INPUT RECORDS –
************

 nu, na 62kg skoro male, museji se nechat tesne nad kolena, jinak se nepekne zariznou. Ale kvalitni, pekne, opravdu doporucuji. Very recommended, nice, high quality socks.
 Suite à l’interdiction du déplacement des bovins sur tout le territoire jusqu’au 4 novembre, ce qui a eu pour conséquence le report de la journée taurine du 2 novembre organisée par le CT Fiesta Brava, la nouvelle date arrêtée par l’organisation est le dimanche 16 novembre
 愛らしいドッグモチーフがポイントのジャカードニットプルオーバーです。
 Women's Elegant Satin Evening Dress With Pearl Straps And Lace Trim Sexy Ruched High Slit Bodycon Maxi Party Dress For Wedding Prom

************

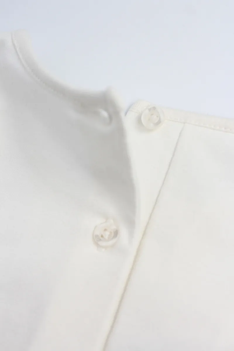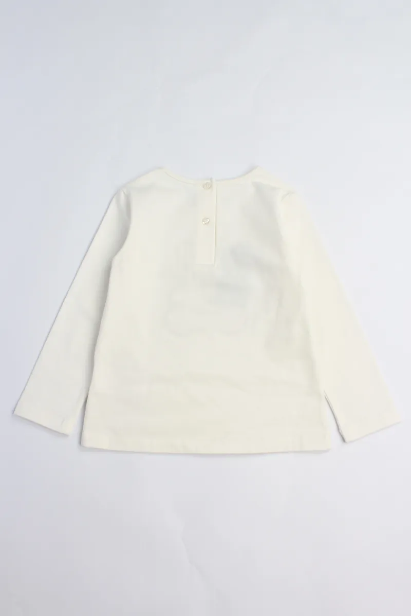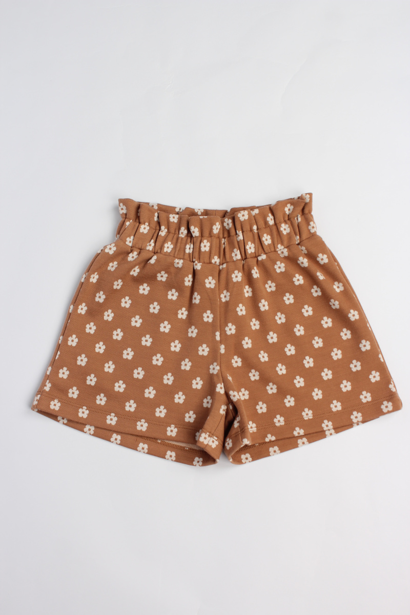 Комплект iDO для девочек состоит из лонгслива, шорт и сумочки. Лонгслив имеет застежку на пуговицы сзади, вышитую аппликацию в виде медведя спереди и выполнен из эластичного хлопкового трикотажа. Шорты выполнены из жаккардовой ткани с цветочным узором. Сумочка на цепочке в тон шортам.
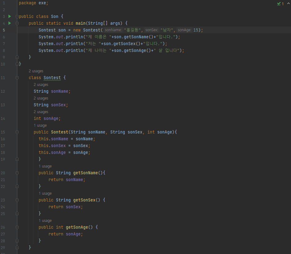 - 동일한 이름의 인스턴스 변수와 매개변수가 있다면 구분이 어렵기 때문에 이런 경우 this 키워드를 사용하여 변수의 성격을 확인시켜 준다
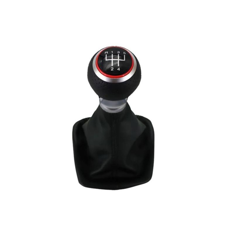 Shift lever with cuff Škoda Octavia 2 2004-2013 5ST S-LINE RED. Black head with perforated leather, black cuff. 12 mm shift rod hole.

************

TASK DIRECTIONS – Would you please reproduce the entries above, starting at the line with "- 동일한 이름의 인스턴스" and stopping after the line with "Shift lever with"? Omit any pictures.

EXERCISE ANSWER –
 - 동일한 이름의 인스턴스 변수와 매개변수가 있다면 구분이 어렵기 때문에 이런 경우 this 키워드를 사용하여 변수의 성격을 확인시켜 준다
 Shift lever with cuff Škoda Octavia 2 2004-2013 5ST S-LINE RED. Black head with perforated leather, black cuff. 12 mm shift rod hole.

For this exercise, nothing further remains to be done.